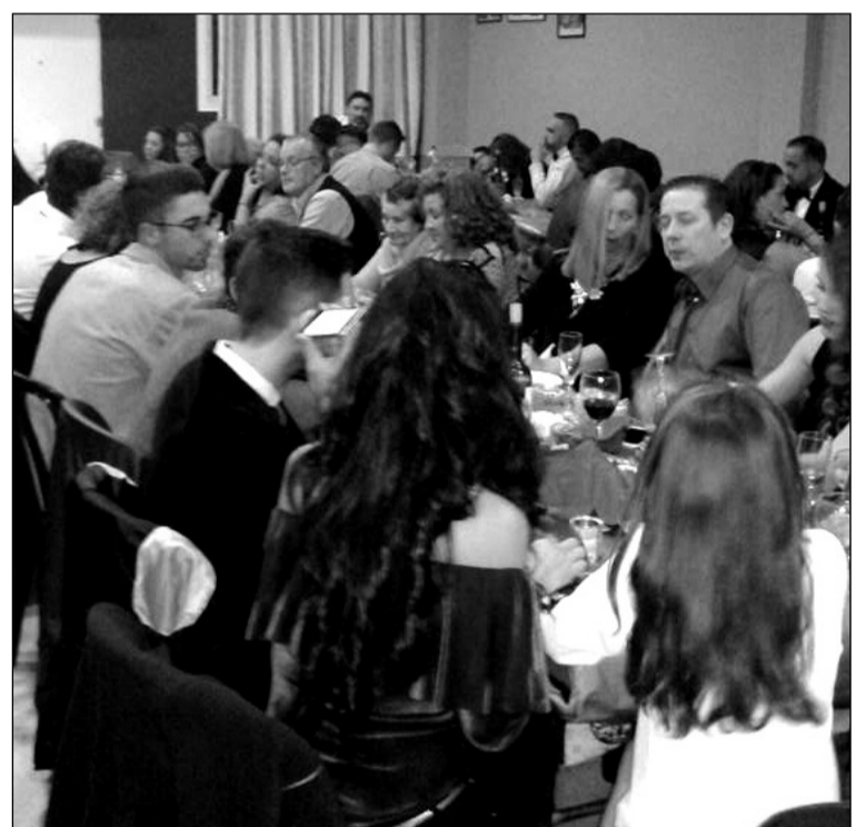
Aspecto que presentaba el salón en Nochevieja.
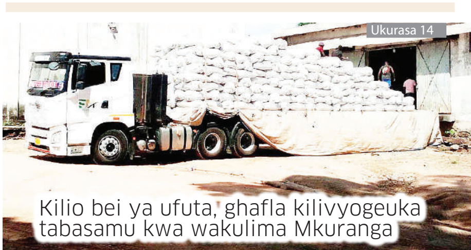
Kilio bei ya ufuta, ghafla kilivyogeuka tabasamu kwa wakulima Mkuranga
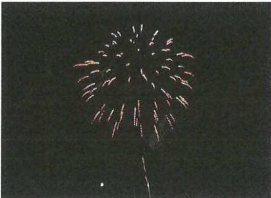
パッと出た花火だ、きれいだなあ、空一杯にひろがってー♪
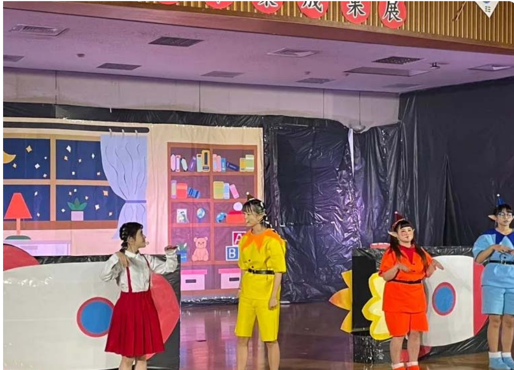
▲小蘋與3位精靈一同搭乘太空船展開冒險旅行 (圖 / 記者林怡孜攝 · 2023,04,27)

[NOWnews今日新聞]嘉南藥理大學嬰幼兒保育系於今(27)日假該校演藝廳演出兒童戲劇「睡夢仙境」畢業成果展，邀請了300多位幼兒園小朋友前來欣賞。台下小朋友跟著劇中主角「小蘋」一起搭乘太空船展開冒險，進而學習如何與喜、怒、哀、樂等情緒和平相處，演出活潑精彩，小朋友們看得相當投入，笑聲不斷。
________
**WHAT TO PRODUCE**:
All of the material shown above needs to be duplicated exactly. Omit every picture.

**EXPECTED ANSWER**:
Aspecto que presentaba el salón en Nochevieja.
Kilio bei ya ufuta, ghafla kilivyogeuka tabasamu kwa wakulima Mkuranga
パッと出た花火だ、きれいだなあ、空一杯にひろがってー♪
▲小蘋與3位精靈一同搭乘太空船展開冒險旅行 (圖 / 記者林怡孜攝 · 2023,04,27)

[NOWnews今日新聞]嘉南藥理大學嬰幼兒保育系於今(27)日假該校演藝廳演出兒童戲劇「睡夢仙境」畢業成果展，邀請了300多位幼兒園小朋友前來欣賞。台下小朋友跟著劇中主角「小蘋」一起搭乘太空船展開冒險，進而學習如何與喜、怒、哀、樂等情緒和平相處，演出活潑精彩，小朋友們看得相當投入，笑聲不斷。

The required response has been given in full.